╭─ The input
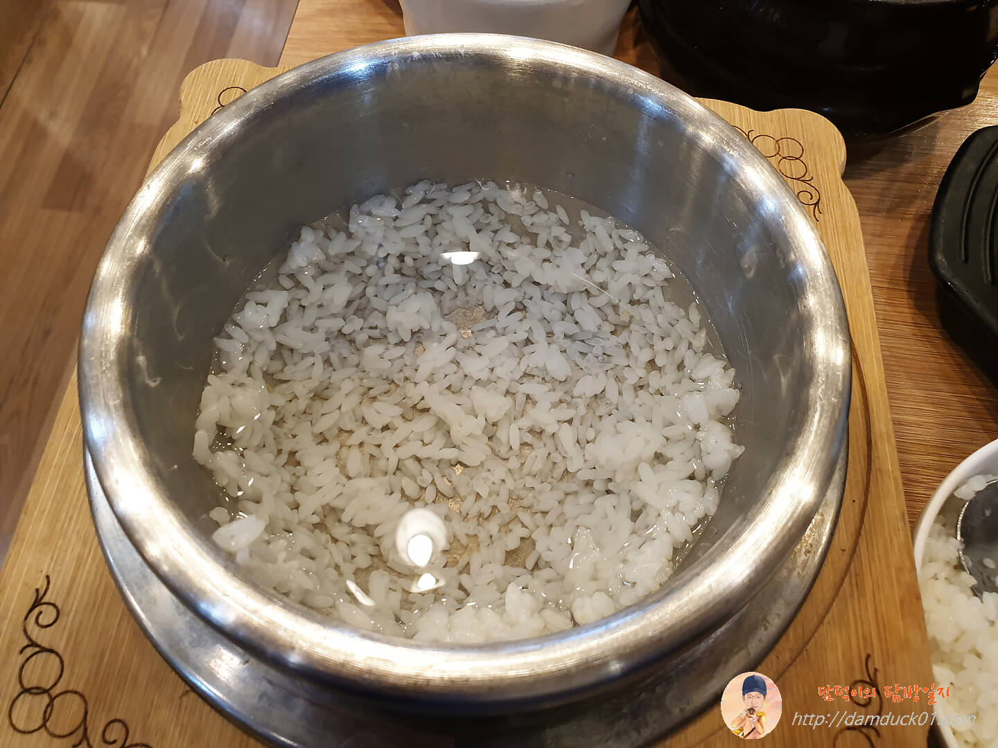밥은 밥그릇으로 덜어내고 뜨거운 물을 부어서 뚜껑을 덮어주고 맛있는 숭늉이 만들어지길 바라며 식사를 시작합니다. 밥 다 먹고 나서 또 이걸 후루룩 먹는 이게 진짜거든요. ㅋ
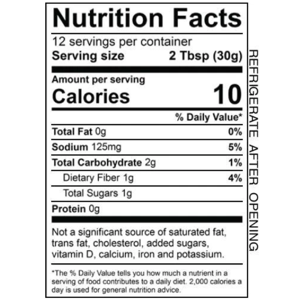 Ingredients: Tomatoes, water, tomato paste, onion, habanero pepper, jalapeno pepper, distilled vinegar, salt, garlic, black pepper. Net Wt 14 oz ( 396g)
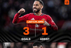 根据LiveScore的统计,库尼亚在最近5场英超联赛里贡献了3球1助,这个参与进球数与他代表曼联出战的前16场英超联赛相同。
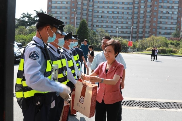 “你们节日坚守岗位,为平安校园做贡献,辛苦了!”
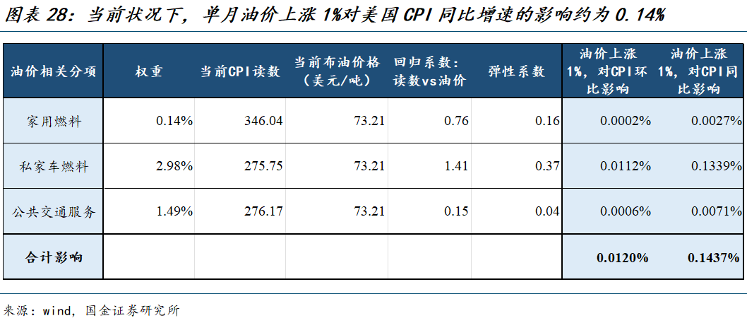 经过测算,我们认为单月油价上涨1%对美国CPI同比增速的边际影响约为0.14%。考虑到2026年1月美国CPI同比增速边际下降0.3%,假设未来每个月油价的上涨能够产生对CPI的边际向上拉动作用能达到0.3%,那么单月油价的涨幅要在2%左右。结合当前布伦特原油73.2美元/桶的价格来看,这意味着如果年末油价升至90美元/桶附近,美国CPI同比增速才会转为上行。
╰─
▸ **Task**
Copy the records above exactly, leaving out every picture.

▸ **Result for this exercise**
밥은 밥그릇으로 덜어내고 뜨거운 물을 부어서 뚜껑을 덮어주고 맛있는 숭늉이 만들어지길 바라며 식사를 시작합니다. 밥 다 먹고 나서 또 이걸 후루룩 먹는 이게 진짜거든요. ㅋ
 Ingredients: Tomatoes, water, tomato paste, onion, habanero pepper, jalapeno pepper, distilled vinegar, salt, garlic, black pepper. Net Wt 14 oz ( 396g)
 根据LiveScore的统计,库尼亚在最近5场英超联赛里贡献了3球1助,这个参与进球数与他代表曼联出战的前16场英超联赛相同。
 “你们节日坚守岗位,为平安校园做贡献,辛苦了!”
 经过测算,我们认为单月油价上涨1%对美国CPI同比增速的边际影响约为0.14%。考虑到2026年1月美国CPI同比增速边际下降0.3%,假设未来每个月油价的上涨能够产生对CPI的边际向上拉动作用能达到0.3%,那么单月油价的涨幅要在2%左右。结合当前布伦特原油73.2美元/桶的价格来看,这意味着如果年末油价升至90美元/桶附近,美国CPI同比增速才会转为上行。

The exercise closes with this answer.